* _Given information_
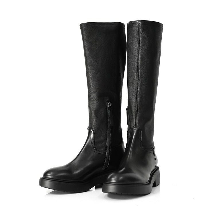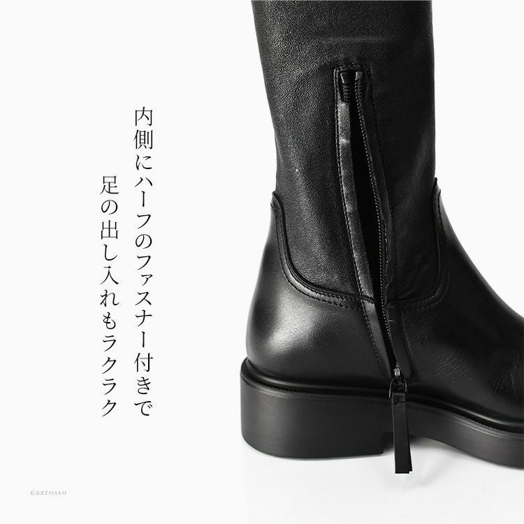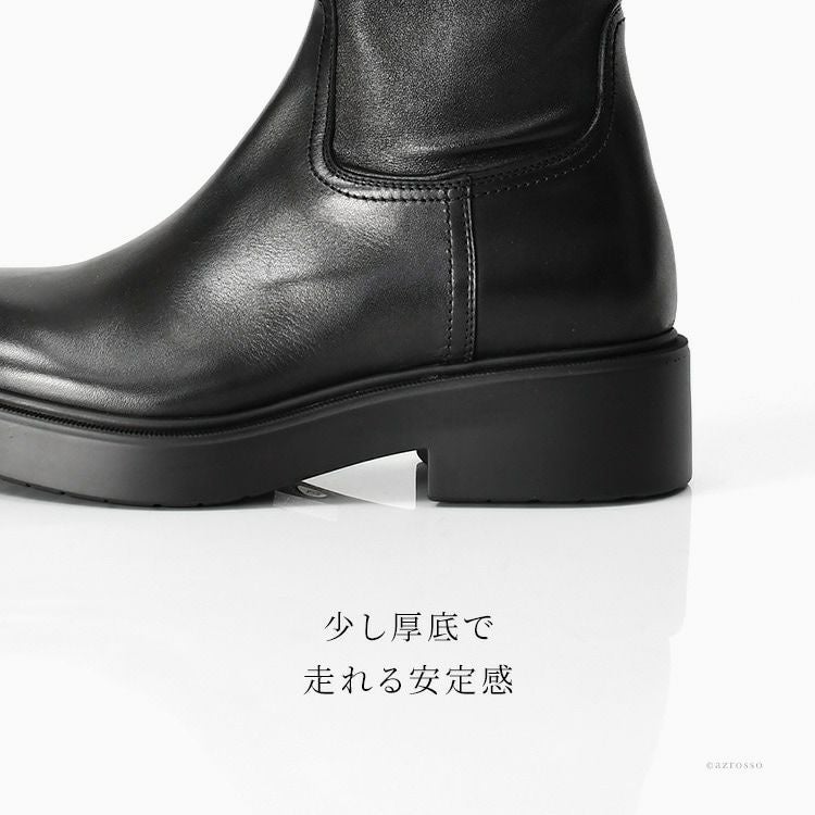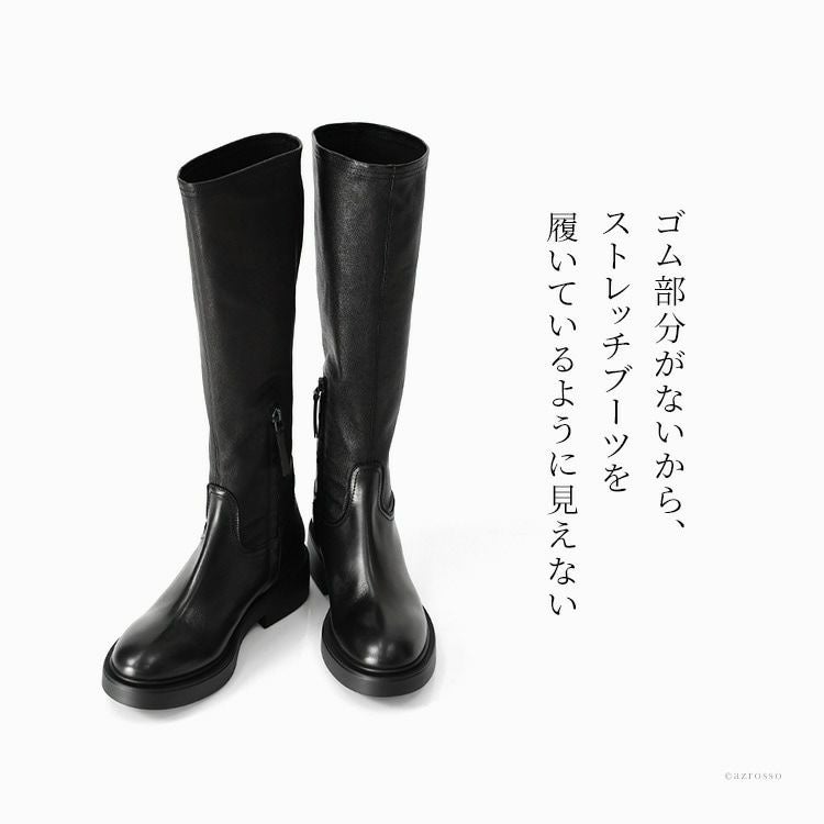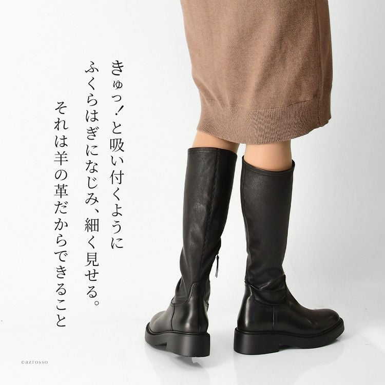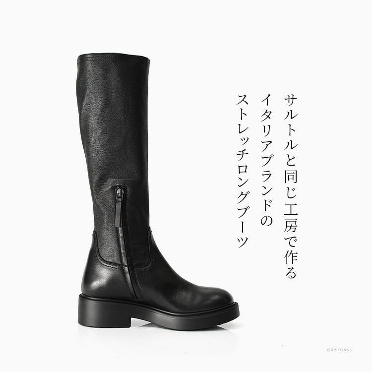 イタリア製 ストレッチ ロングブーツ 本革 厚底 サイドファスナー ラウンドトゥ ふくらはぎ太め ブラック イタリアブランド レディース
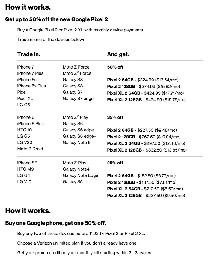 This is the new part of this deal that Verizon just launched. It works similar to the trade-in portion, except you don’t need to trade anything else in for the second phone. What you do is buy the second Pixel 2 or Pixel 2 XL on a device payment plan that’s also on a new line of service, and then Verizon spreads out the 50% off cost over 24 months.
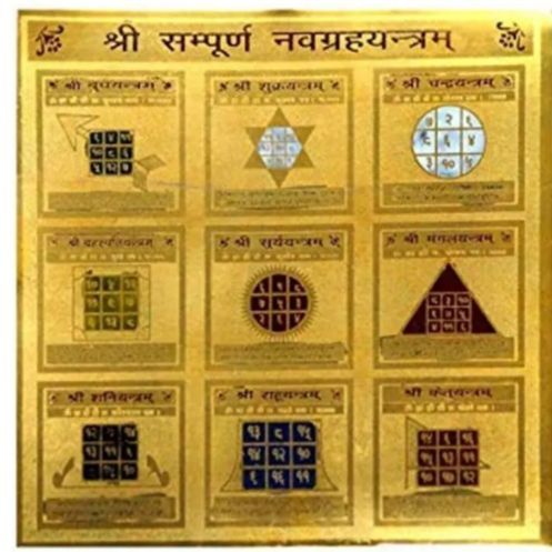 Navagraha Yantra -Sitare Shri Sampoorna Navagraha Yantra Gold Plated Puja Energised Copper Pooja Article Remove Bad Influences of 9 Planets
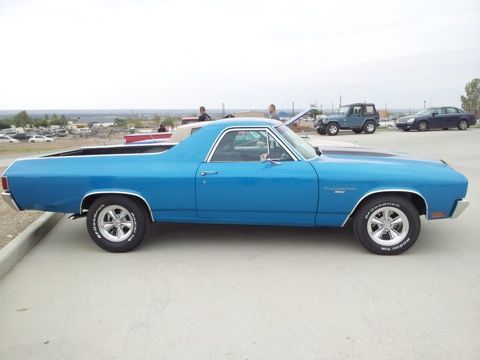 | Thanks for your interest in the 1970 El Camino. The vehicle does have Texas plates and the title is clear and clean. The vehicle has been kept in a garage no rust. 383 crate engine newly installed ($7000. 00)-has approx. 200 new miles. Painted a couple of years ago ($ 7000. 00)-tire and rims are new ($2000. 00)- interior is new ($1. 00. 00)- Chrome trim was $2. 00. 00. Has new tires and rims and the interior has been re-upholstered. The bed liner is a spray-on non skid surface. All gauges work (they are the round gauges). |

* _Aim of the task_
Would you write out all of the data exactly as it stands, without the pictures?

* _Output below_
 イタリア製 ストレッチ ロングブーツ 本革 厚底 サイドファスナー ラウンドトゥ ふくらはぎ太め ブラック イタリアブランド レディース
 This is the new part of this deal that Verizon just launched. It works similar to the trade-in portion, except you don’t need to trade anything else in for the second phone. What you do is buy the second Pixel 2 or Pixel 2 XL on a device payment plan that’s also on a new line of service, and then Verizon spreads out the 50% off cost over 24 months.
 Navagraha Yantra -Sitare Shri Sampoorna Navagraha Yantra Gold Plated Puja Energised Copper Pooja Article Remove Bad Influences of 9 Planets
 | Thanks for your interest in the 1970 El Camino. The vehicle does have Texas plates and the title is clear and clean. The vehicle has been kept in a garage no rust. 383 crate engine newly installed ($7000. 00)-has approx. 200 new miles. Painted a couple of years ago ($ 7000. 00)-tire and rims are new ($2000. 00)- interior is new ($1. 00. 00)- Chrome trim was $2. 00. 00. Has new tires and rims and the interior has been re-upholstered. The bed liner is a spray-on non skid surface. All gauges work (they are the round gauges). |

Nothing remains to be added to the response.